Call up the top 20 venture capital firms in America, which are short of cash today because their partners -- university endowments and pension funds -- are tapped out, and make them this offer: The U.S. Treasury will give you each up to $1 billion to fund the best venture capital ideas that have come your way. If they go bust, we all lose. If any of them turns out to be the next Microsoft or Intel, taxpayers will give you 20 percent of the investors' upside and keep 80 percent for themselves.

Sounds like a plan. But, it is not quite so simple. True, professional venture capital firms operate in a relatively narrow range of financing and stage of development. The typical paradigm for a venture capital-funded venture is "early stage", were only a relatively modest level of capital is needed (rarely more than $20 million), and where only a modest number of jobs are generated. Sure, some venture capital firms offer "later stage" funding, but that is still for the relatively early life of a new venture when growth is high but revenue and jobs are still relatively modest.

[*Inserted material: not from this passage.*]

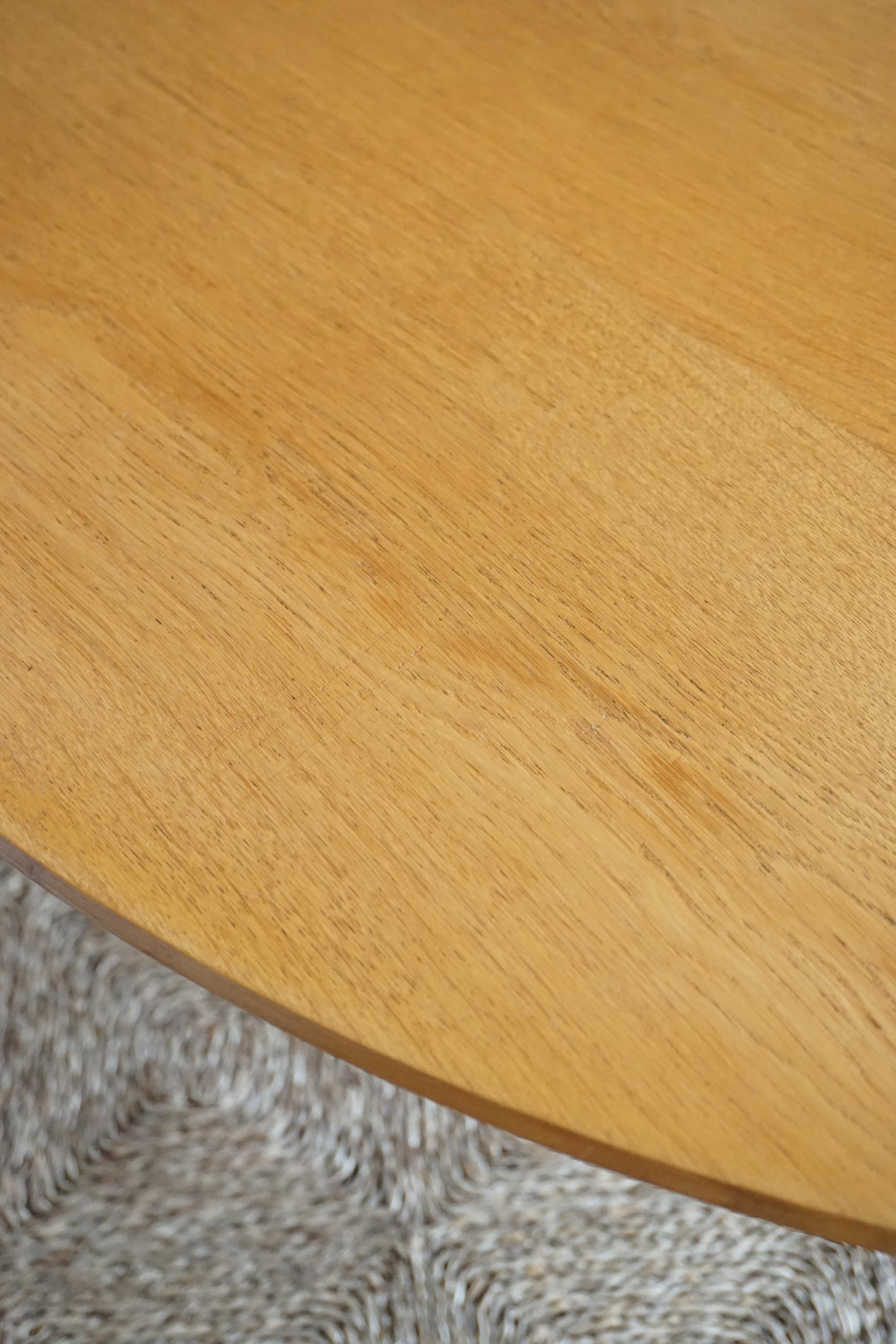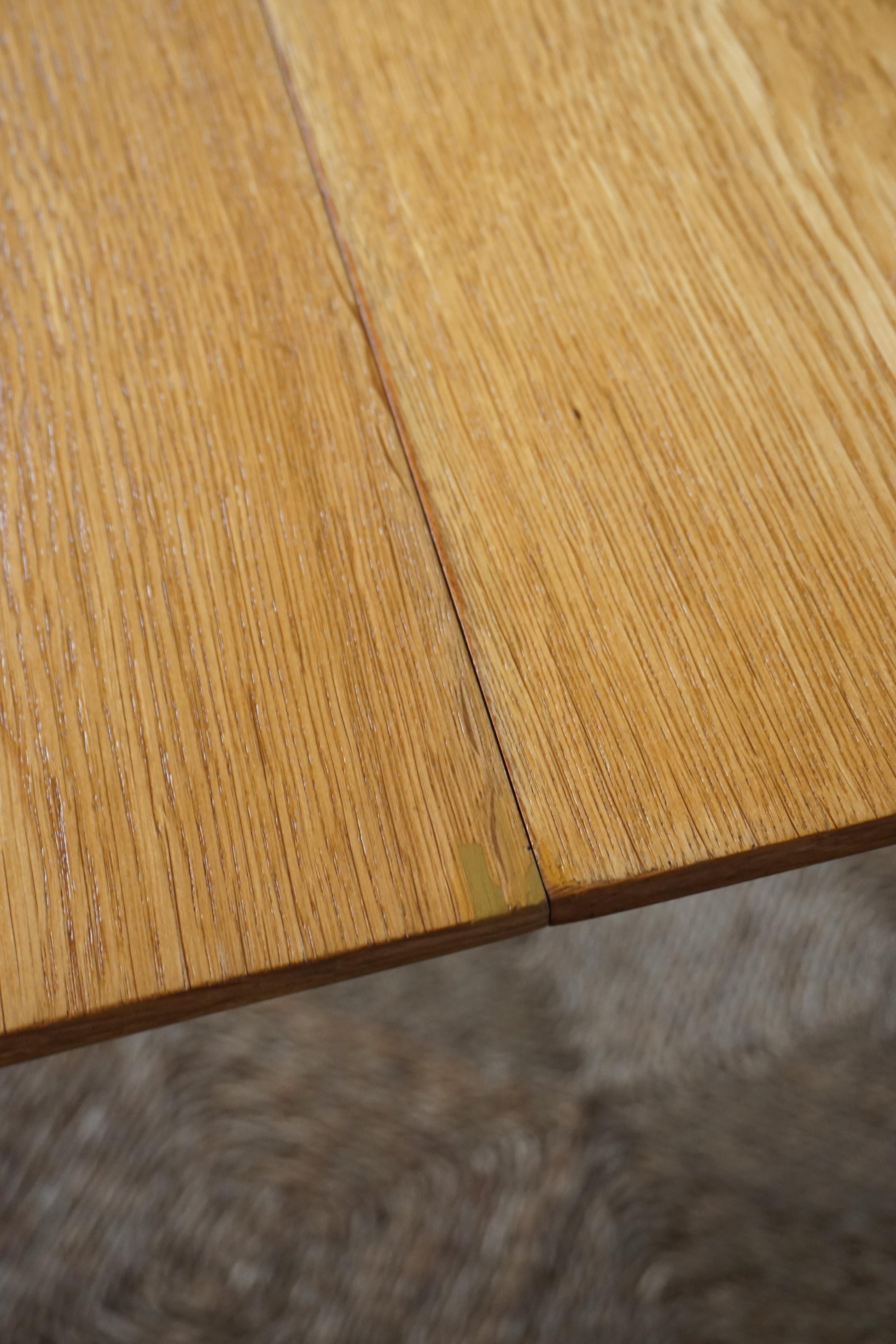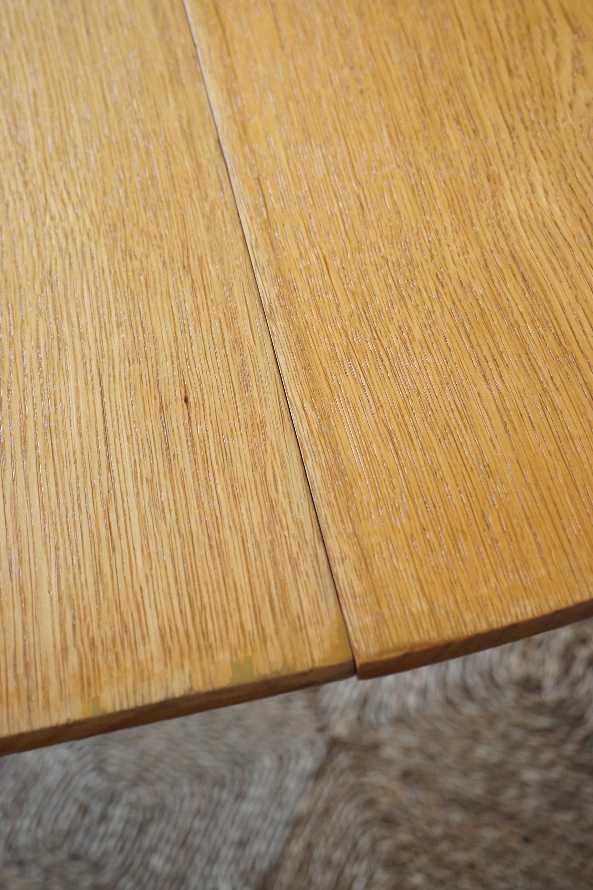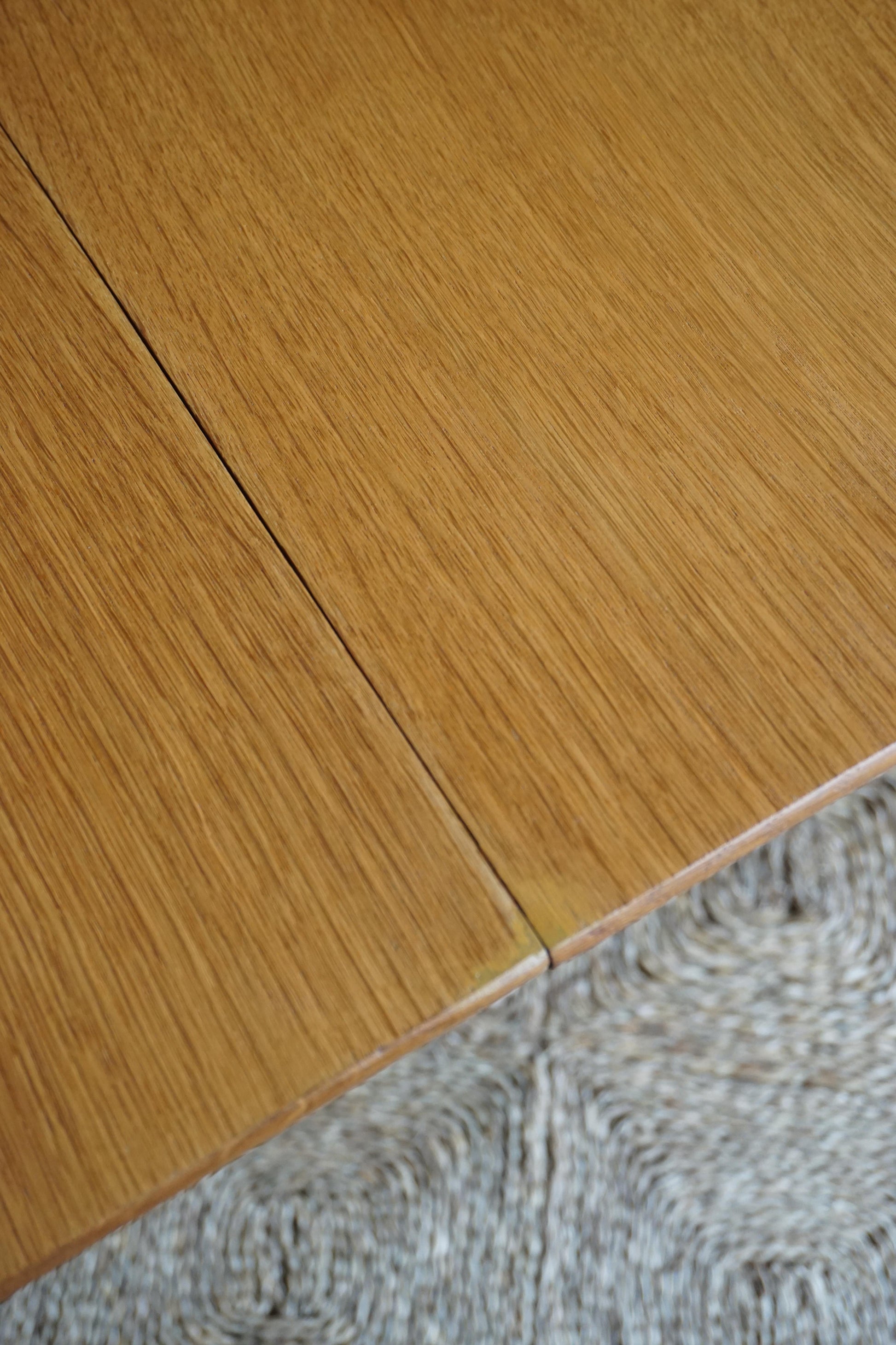 Large extendable oak dining table by Skovby c.1960s Denmark. Four extension leaves and a wooden drop down support leg extend the table from a 125cm round to a 3.25 metre long table. Comfortably seats 12 making it ideal for those who entertain large groups.

The Googles and Microsofts and Intels of the world did not require large-scale capital in their venture capital stages. So-called expansion capital on a large scale typically comes not from professional capital firms, but either organically funded from revenue and profits from dramatic early success of a Google or Microsoft or Intel, or from debt offerings on Wall Street or other non-venture capital sources. That is the stage when a high volume of jobs are created.

Professional VC firms do offer growth stage funding ($10 to $50 million), but that is still only the stage where a venture might be hiring no more than a few hundred people, not the major growth stage where thousands of jobs are being created and hundreds of millions of capital investment are being made.

Sure, I agree with Friedman -- and have already myself suggested -- that the government should temporarily step in to fund professional venture capital firms that are having difficulty raising capital from their traditional sources such as large banks, insurance companies, pension funds, and large endowment funds (all of whom are themselves struggling financially), but this is money to fuel a future wave of job creation, say three to ten years from now, and won't create millions of new jobs in the next two to three years.

There are also SBIR, SBA, and other government funding programs that can be boosted directly by the government. Government guarantees for bank loans and debt offerings for young, innovative ventures could also be a big help for growing innovative companies far beyond the early stages where venture capital is most successful at boosting promising companies and weeding out the good ideas that simple do not work in the real world.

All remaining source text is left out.